What is required:
For the material below, return exactly the lines starting at the line containing "Balmain embossed logo slides - Black" and ending at the line containing "攻击317 会心50 弱点会心100", both ends included, and no others.

Available data:

☆ ☆ ☆ ☆

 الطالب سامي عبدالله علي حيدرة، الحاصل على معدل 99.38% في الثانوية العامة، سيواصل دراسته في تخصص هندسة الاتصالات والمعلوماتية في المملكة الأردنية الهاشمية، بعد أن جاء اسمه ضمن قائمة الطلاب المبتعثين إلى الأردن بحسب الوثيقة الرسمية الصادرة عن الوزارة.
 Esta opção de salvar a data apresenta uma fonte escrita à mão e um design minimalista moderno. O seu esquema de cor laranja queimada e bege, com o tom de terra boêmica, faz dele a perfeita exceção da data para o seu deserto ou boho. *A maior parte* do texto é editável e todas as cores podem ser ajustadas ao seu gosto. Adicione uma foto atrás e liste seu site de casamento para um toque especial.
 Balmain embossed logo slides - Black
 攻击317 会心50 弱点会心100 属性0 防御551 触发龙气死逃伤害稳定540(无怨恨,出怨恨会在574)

☆ ☆ ☆ ☆

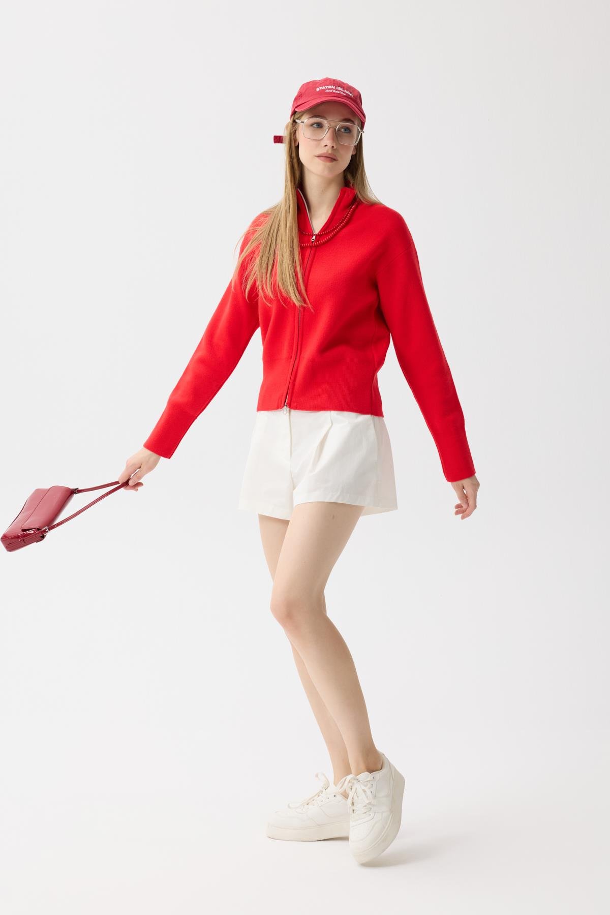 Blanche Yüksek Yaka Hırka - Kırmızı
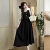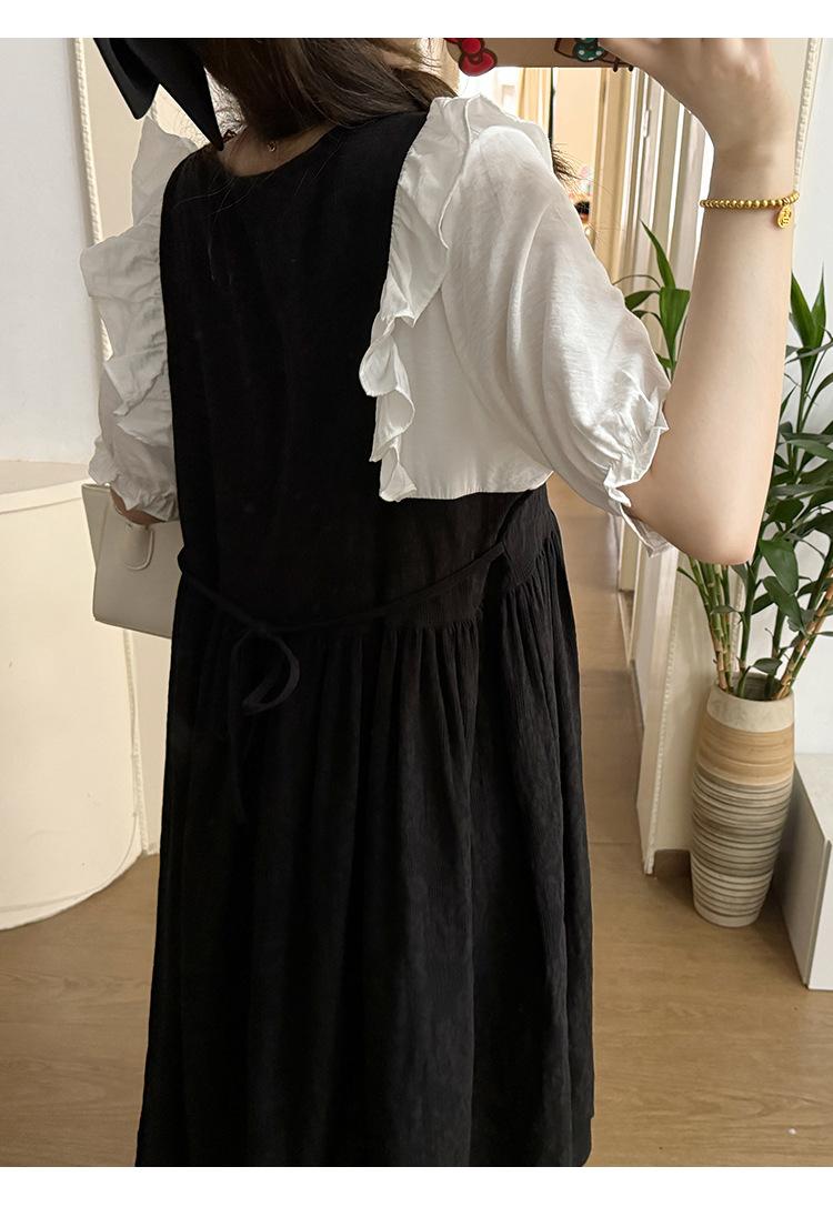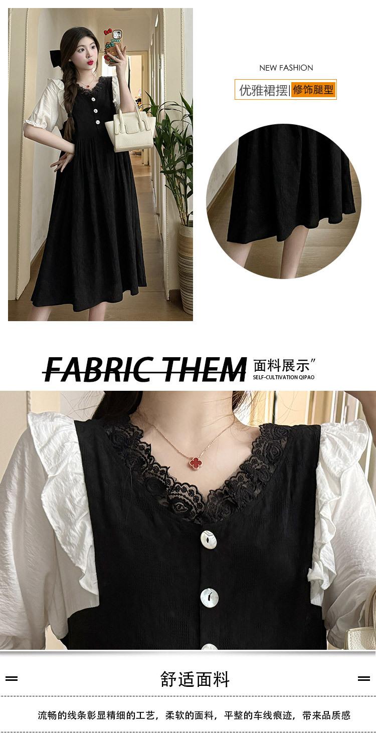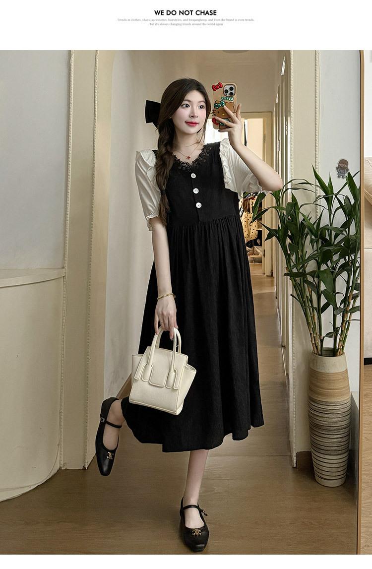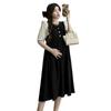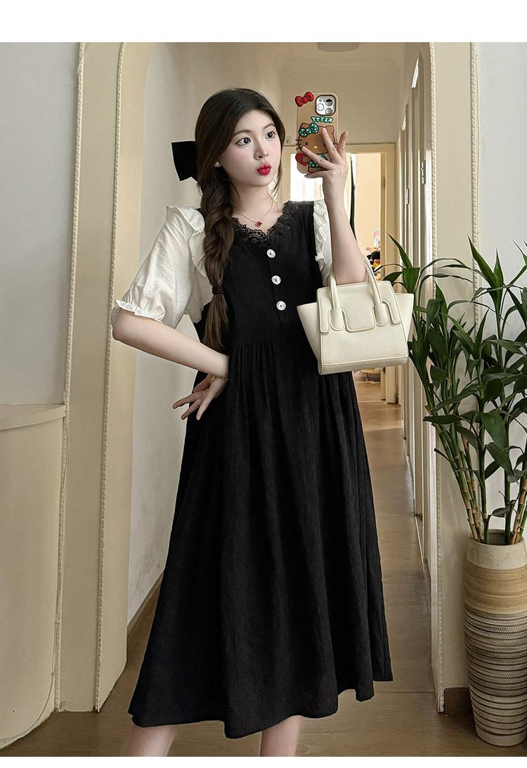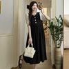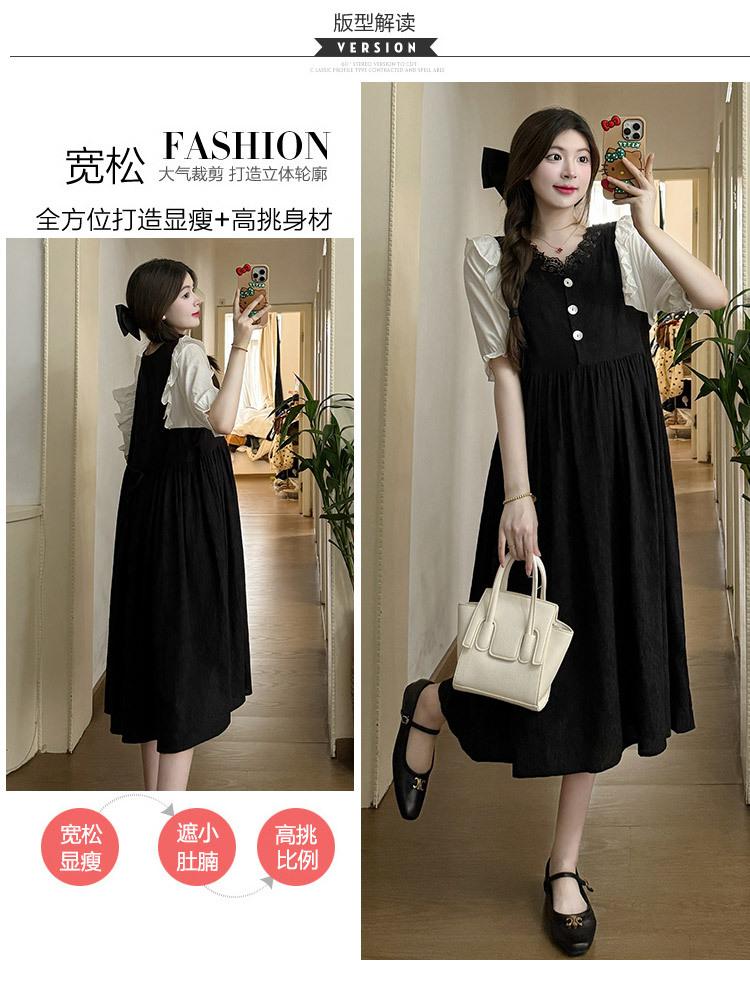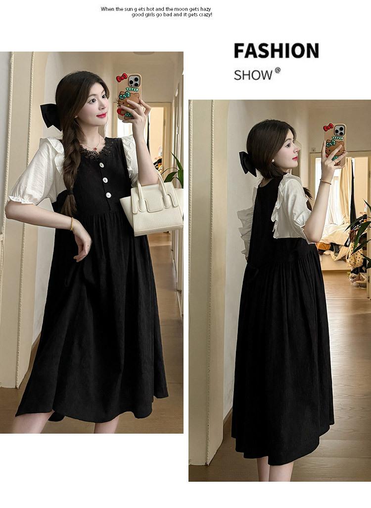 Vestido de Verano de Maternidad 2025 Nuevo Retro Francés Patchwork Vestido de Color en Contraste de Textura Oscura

☆ ☆ ☆ ☆

Output:
 Balmain embossed logo slides - Black
 攻击317 会心50 弱点会心100 属性0 防御551 触发龙气死逃伤害稳定540(无怨恨,出怨恨会在574)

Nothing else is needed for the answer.